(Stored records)
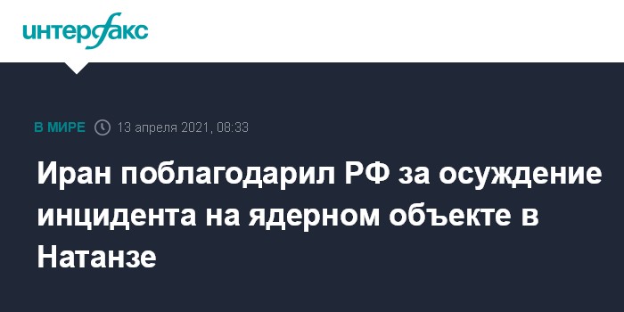 Москва. 13 апреля. INTERFAX.RU - Иран благодарен России за осуждение инцидента в Натанзе, заявил во вторник глава иранского МИД Джавад Зариф.
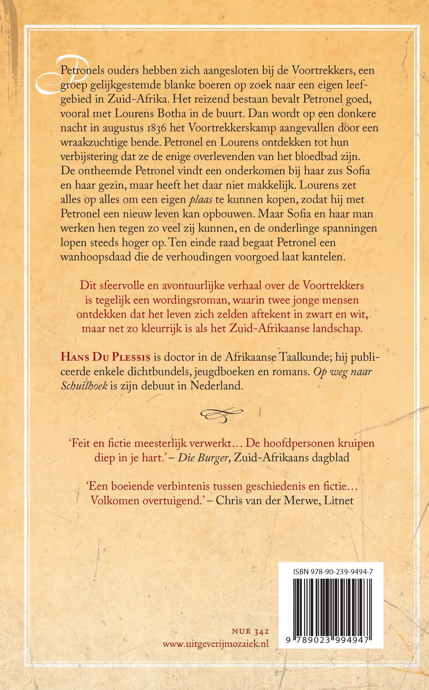 Dit sfeervolle en avontuurlijke verhaal over de Voortrekkers is tegelijk een wordingsroman, waarin twee jonge mensen ontdekken dat het leven zich zelden aftekent in zwart en wit, maar net zo kleurrijk is als het Zuid-Afrikaanse landschap.
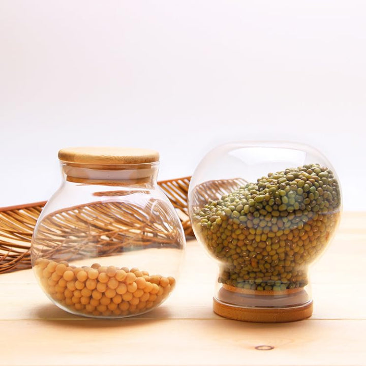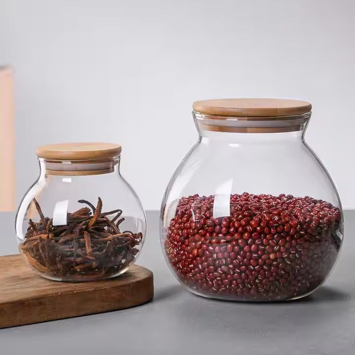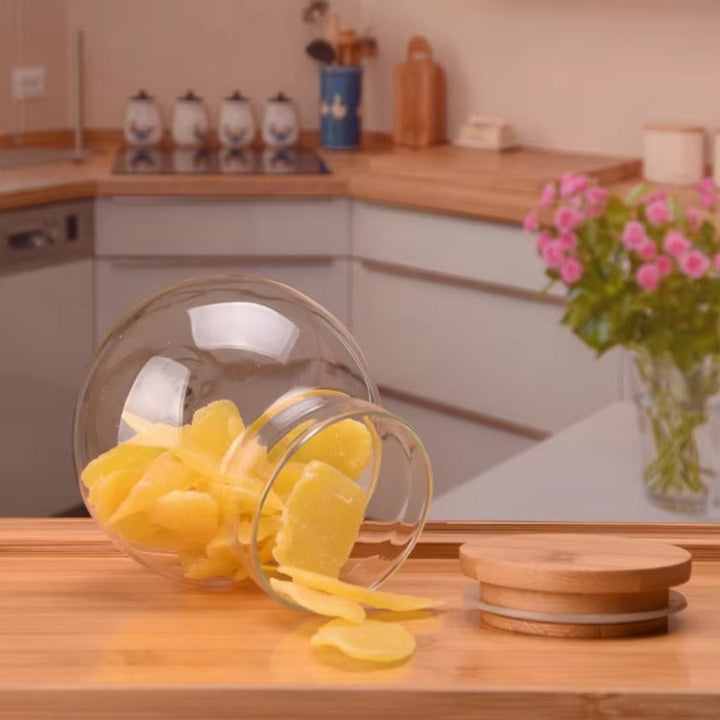 Experience the perfect blend of practical freshness, visual appeal, and natural elegance with our Round Pantry Airtight Glass Display Jars with Wooden Lids.
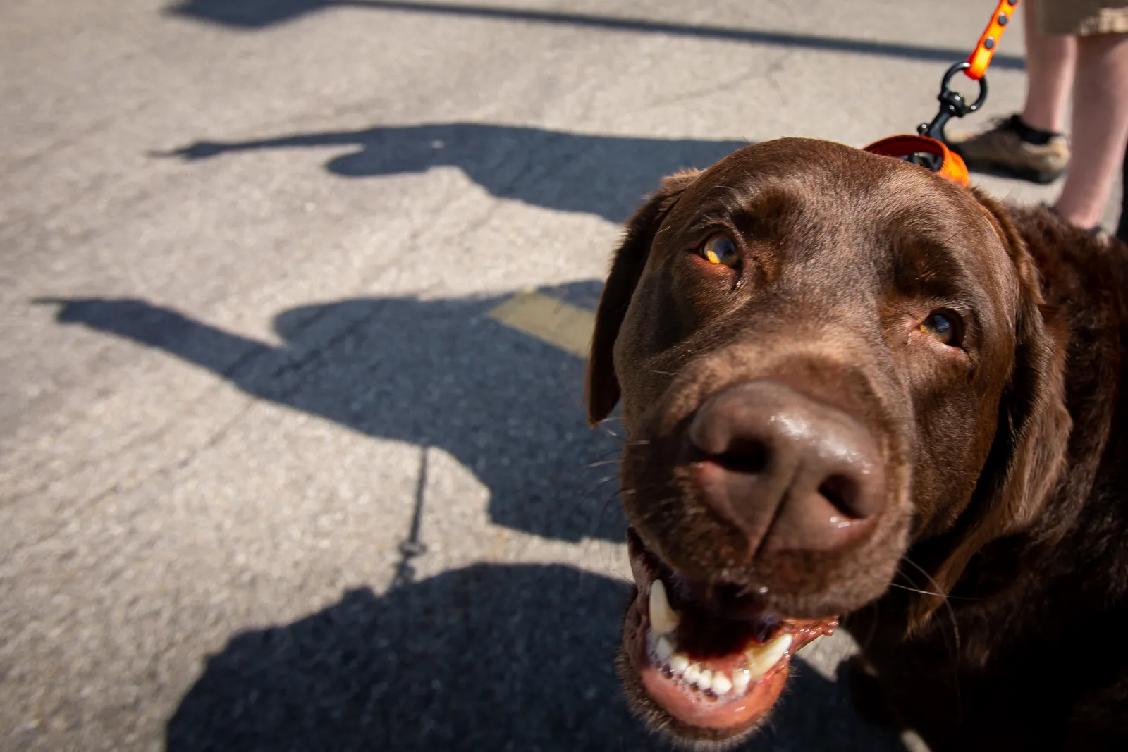 Maverick waits while his handler, MaryJo Bedford (left shadow) and Nose Work instructor DJ Rehberg (right shadow) discuss the task ahead.
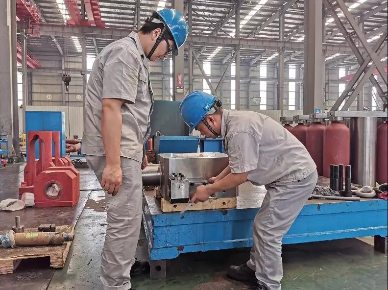 逐漸地,公司開始讓施永祥師傅兼任設備裝配組的負責人,后來施師傅先后參與了一些重大的、國家級的科研攻關項目,包括填補國內(nèi)技術空白的800噸立式擠壓鑄造機(國家火炬計劃項目)、2010年我國最大的4500噸壓鑄機、2011年國家科技重大專項 - 3500噸精密臥式實時控制壓鑄機及成套設備項目、2012年的國家智能制造裝備發(fā)展專項 - 高效智能壓鑄島項目以及2019年國家科技重大專項 - 3500噸高效智能擠壓成形裝備及工藝示范應用項目等等。這些項目,尤其是擠壓鑄造的項目,開始時國內(nèi)沒有現(xiàn)成的經(jīng)驗可以參考,作為設備裝配組負責人,施師傅帶領班組同研發(fā)人員一道,通過自主鉆研和攻關,還是如期、保質(zhì)保量的完成了一個個項目任務,三基鑄裝的裝配水準也得到了國家專家組的充分肯定。
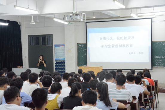 9月12日下午和13日晚,我院学工科副科长李婷老师为新生主讲了“文明礼仪、校纪校规及新的学生管理制度教育”的专题讲座。她从文明礼仪的重要性、大学生文明礼仪常识进行了宣讲,同时就与学生学业、生活、安全相关的校纪校规和管理制度进行了解读,强调新同学从入学开始就要树立纪律观念,增强规矩意识,自觉遵守学校各项管理制度,知晓什么可为、什么不可为,做遵规守纪的文明大学生。
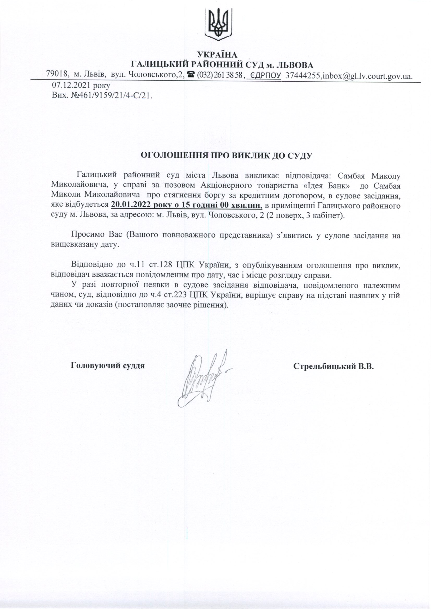 Оголошення про виклик до суду Самбая Миколу Миколайовича
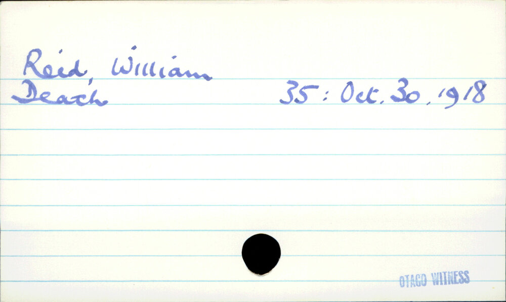 Dunedin Public Libraries (11th Apr 2022). Reid, William. In Website Dunedin Public Libraries. Retrieved 22nd Apr 2026 06:01, from https://dunedin.recollect.co.nz/nodes/view/62308
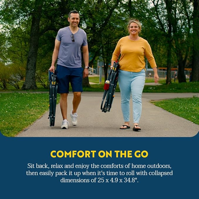- SIMPLE SET UP. Recharge in no time with Eazy-Fold Technology. Simply grab the seat frame, push out, then down and you're good to go. Packing up is just as quick — place your foot on the leg's base and pull the closure handles up.

■ **Problem details**:
Retype precisely, and only, the lines from the one holding "9月12日下午和13日晚,我" through the final line of the data above, with the pictures omitted.

■ **Exercise response**:
 9月12日下午和13日晚,我院学工科副科长李婷老师为新生主讲了“文明礼仪、校纪校规及新的学生管理制度教育”的专题讲座。她从文明礼仪的重要性、大学生文明礼仪常识进行了宣讲,同时就与学生学业、生活、安全相关的校纪校规和管理制度进行了解读,强调新同学从入学开始就要树立纪律观念,增强规矩意识,自觉遵守学校各项管理制度,知晓什么可为、什么不可为,做遵规守纪的文明大学生。
 Оголошення про виклик до суду Самбая Миколу Миколайовича
 Dunedin Public Libraries (11th Apr 2022). Reid, William. In Website Dunedin Public Libraries. Retrieved 22nd Apr 2026 06:01, from https://dunedin.recollect.co.nz/nodes/view/62308
- SIMPLE SET UP. Recharge in no time with Eazy-Fold Technology. Simply grab the seat frame, push out, then down and you're good to go. Packing up is just as quick — place your foot on the leg's base and pull the closure handles up.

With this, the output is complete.